**TO DO:** Extract the opening line of the entries and every line after it, stopping at and including the line that contains "beim Schornstein rausblasen!". Do not include pictures.

**DATA TO USE:**
== Segment start ==

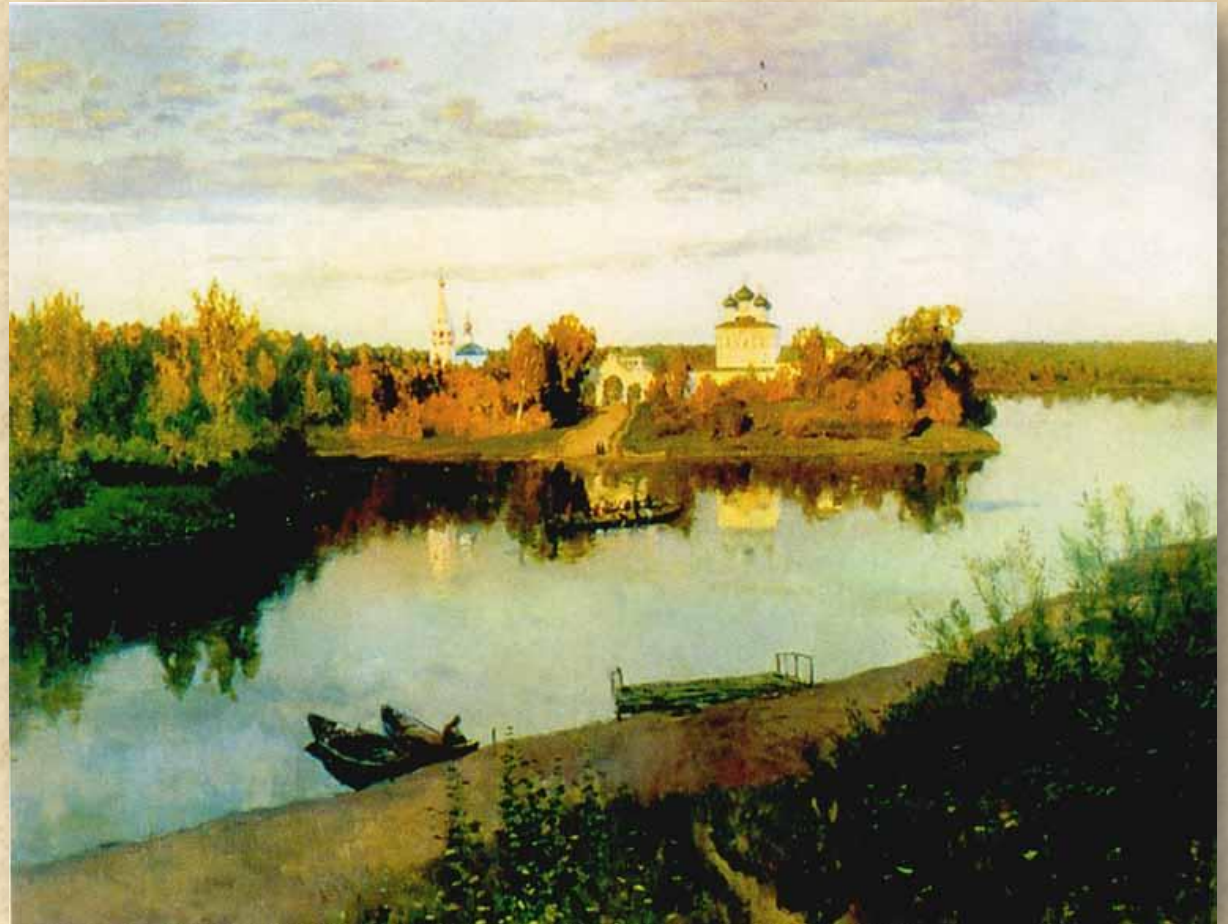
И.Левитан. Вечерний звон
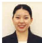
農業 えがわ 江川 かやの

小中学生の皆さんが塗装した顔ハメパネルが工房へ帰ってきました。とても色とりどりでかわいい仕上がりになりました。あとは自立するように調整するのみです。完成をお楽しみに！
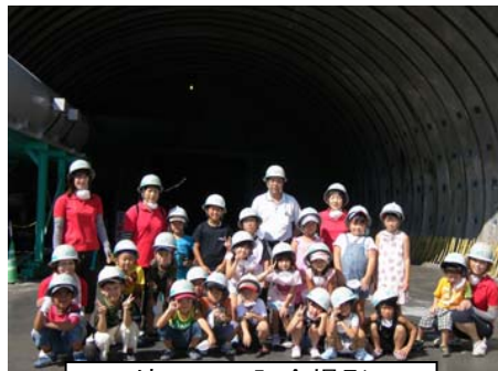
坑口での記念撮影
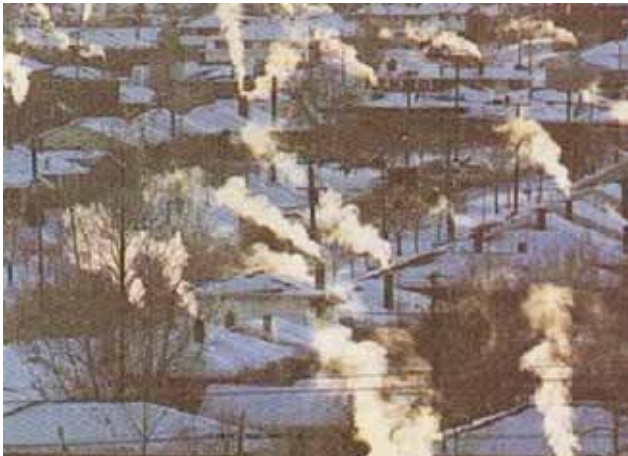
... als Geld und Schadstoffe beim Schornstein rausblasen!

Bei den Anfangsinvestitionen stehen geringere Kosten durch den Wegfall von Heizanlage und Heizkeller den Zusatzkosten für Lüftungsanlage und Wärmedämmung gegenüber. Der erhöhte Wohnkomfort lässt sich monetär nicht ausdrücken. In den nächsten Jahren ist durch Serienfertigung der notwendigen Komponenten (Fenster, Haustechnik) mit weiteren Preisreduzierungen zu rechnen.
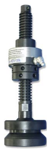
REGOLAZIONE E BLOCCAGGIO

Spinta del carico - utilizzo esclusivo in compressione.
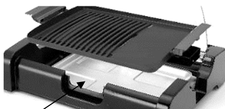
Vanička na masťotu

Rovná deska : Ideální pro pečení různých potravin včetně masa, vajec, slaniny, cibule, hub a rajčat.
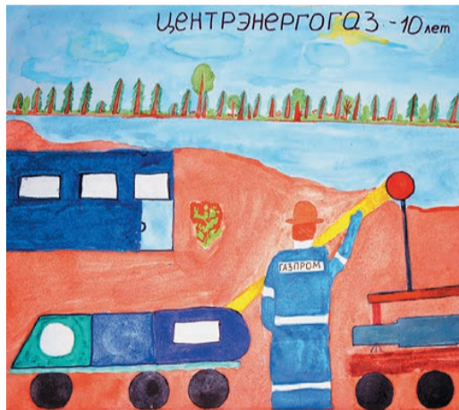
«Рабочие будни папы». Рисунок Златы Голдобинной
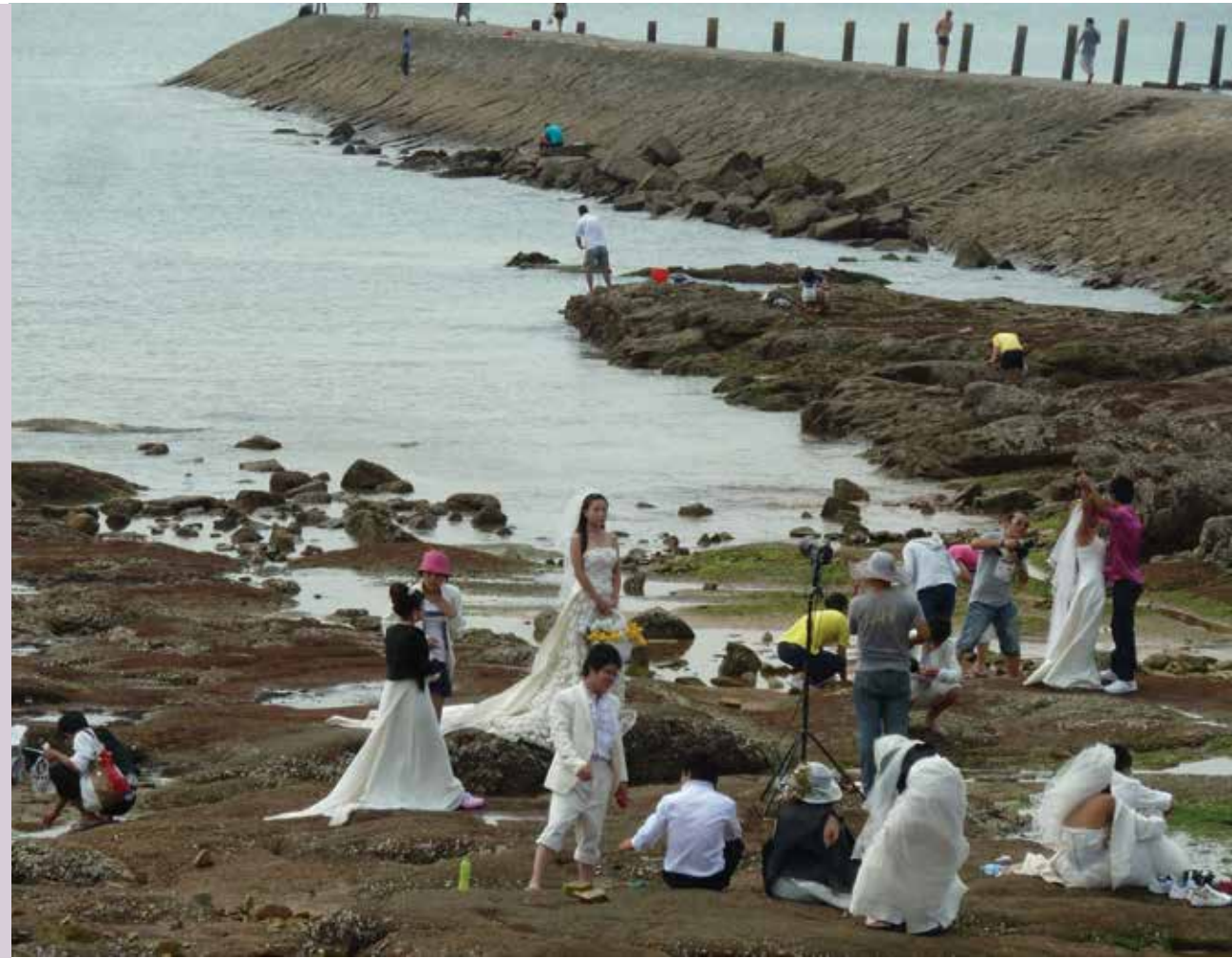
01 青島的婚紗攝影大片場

== Segment end ==

**YOUR SOLUTION:**
И.Левитан. Вечерний звон
農業 えがわ 江川 かやの

小中学生の皆さんが塗装した顔ハメパネルが工房へ帰ってきました。とても色とりどりでかわいい仕上がりになりました。あとは自立するように調整するのみです。完成をお楽しみに！
坑口での記念撮影
... als Geld und Schadstoffe beim Schornstein rausblasen!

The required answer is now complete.